Agriculture Secretary Tom Vilsack told reporters in a conference call that the new U.S. Rural Infrastructure Opportunity Fund, which the White House Rural Council announced on July 24, “means that we can begin to address aggressively the infrastructure deficit that exists in the United States in the rural communities today.”

CoBank, a cooperative bank based in Greenwood Village, Colo., is the fund’s “anchor” investor, providing $10 billion in capital, said CEO Robert Engel. The fund will provide loans for rural projects in sectors such as water, wastewater treatment, electricity generation and transmission, and schools.

The White House said some projects' loans could be provided completely through private funds, but other projects could use government grants or loans to leverage private dollars.

The U.S. Dept. of Agriculture has been providing loans and grants for water, electric power, housing and other projects for many years. For example, in fiscal year 2013, USDA’s Rural Utilities Service provided $1.3 billion in direct or guaranteed loans for 755 water and wastewater projects.

But Engel said USDA “has finite resources” in money and personnel. He added, “There’s an understandable backlog of projects across many of these sectors.”

Vilsack agreed there is “significantly greater demand for credit” than the amounts the Rural Utilities Service has available. He noted, “There’s a waiting list of water and wastewater projects out in rural America that we would love to fund, but we simply don’t have the capacity to do it.”

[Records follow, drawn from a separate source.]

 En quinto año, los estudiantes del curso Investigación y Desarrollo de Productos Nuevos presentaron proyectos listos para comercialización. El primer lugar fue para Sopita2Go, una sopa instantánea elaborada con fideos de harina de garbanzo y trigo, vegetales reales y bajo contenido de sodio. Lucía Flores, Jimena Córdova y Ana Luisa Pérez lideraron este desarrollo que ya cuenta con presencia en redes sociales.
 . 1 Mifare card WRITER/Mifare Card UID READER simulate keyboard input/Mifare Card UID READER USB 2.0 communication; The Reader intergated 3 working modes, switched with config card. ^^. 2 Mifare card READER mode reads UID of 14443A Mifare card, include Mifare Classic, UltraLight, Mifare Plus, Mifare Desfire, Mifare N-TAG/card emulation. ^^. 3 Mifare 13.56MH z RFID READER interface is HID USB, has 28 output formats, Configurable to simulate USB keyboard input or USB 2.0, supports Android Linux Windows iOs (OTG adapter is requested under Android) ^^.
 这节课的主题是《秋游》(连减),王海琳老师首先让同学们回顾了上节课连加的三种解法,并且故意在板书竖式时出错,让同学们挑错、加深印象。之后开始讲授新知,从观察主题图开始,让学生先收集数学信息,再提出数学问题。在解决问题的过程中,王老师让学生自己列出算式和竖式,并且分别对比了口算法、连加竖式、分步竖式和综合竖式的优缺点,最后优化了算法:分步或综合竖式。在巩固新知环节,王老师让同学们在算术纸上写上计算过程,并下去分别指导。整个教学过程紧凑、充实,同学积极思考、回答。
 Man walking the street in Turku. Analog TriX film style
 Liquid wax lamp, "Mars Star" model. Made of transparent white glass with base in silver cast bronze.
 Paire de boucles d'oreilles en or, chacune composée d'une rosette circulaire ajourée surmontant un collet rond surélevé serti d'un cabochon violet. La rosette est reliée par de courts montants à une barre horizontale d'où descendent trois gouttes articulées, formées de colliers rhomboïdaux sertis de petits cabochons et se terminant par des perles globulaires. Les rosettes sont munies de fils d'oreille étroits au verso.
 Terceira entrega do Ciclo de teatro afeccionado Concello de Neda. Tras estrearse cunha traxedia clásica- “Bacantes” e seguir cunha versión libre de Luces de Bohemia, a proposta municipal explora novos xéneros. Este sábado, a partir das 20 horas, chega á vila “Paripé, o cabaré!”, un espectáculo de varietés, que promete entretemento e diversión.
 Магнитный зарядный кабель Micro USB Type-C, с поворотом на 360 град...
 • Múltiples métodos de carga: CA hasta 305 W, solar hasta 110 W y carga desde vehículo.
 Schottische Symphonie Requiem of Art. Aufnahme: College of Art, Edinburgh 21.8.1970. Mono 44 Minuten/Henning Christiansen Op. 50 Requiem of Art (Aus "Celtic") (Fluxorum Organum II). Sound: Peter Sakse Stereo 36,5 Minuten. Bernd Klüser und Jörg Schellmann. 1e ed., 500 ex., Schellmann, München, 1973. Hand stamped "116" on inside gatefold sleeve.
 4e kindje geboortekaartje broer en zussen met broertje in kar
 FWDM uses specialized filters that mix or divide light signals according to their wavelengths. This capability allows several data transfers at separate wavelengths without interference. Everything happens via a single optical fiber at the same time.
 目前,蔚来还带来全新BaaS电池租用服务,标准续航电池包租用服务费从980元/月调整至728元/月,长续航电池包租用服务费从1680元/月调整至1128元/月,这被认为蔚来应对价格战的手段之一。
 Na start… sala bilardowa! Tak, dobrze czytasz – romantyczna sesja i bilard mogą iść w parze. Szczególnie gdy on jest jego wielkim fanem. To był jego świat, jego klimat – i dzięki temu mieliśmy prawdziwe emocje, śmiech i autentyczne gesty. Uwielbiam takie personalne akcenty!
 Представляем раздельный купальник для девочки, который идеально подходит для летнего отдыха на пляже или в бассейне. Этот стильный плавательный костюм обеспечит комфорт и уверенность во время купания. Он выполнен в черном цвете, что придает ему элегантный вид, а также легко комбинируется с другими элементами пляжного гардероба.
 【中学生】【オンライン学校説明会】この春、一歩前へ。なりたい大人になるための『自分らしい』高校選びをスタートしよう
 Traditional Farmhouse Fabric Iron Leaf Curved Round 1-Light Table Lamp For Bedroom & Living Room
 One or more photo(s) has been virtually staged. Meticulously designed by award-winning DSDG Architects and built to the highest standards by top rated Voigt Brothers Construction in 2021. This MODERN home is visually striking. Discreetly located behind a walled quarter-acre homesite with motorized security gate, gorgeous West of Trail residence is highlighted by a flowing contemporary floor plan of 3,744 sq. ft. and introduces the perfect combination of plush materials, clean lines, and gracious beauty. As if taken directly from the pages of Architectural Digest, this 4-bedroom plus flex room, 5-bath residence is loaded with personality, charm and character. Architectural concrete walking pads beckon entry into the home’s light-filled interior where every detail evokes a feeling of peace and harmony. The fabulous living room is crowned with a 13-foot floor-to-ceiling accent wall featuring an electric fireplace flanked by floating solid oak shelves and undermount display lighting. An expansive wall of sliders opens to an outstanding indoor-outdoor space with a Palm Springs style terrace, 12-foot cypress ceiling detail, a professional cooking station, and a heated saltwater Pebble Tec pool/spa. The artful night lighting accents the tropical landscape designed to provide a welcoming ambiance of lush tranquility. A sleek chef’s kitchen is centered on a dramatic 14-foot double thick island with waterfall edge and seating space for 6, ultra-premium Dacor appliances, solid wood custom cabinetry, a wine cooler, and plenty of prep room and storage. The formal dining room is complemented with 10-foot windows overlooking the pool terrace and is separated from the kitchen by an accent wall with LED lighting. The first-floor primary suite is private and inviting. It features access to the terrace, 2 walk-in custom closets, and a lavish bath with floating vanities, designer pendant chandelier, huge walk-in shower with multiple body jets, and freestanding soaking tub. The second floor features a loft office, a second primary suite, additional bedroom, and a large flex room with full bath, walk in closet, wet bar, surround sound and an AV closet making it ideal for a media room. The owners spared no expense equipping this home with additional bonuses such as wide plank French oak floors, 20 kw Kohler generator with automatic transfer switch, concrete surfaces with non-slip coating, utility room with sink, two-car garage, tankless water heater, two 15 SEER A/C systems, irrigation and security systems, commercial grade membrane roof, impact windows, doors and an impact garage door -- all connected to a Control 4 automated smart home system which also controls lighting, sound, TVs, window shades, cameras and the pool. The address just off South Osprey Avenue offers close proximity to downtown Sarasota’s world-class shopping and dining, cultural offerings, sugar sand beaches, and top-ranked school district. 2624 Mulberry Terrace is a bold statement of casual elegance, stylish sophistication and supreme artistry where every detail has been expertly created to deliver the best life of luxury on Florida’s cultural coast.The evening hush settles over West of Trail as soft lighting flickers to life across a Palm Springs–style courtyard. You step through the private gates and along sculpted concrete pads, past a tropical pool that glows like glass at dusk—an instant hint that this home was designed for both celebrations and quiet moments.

Engel observed that, to make rural projects more attractive to major investors, one possibility would be to pool multiple small projects into large package loans.

Vilsack said other investors, including pension funds and college and university endowments, can join the fund. Capitol Peak Asset Management, which has offices in Denver and Washington, D.C., will manage the fund.

Vilsack chairs the White House Rural Council, whose members include heads of many Cabinet departments and other agencies.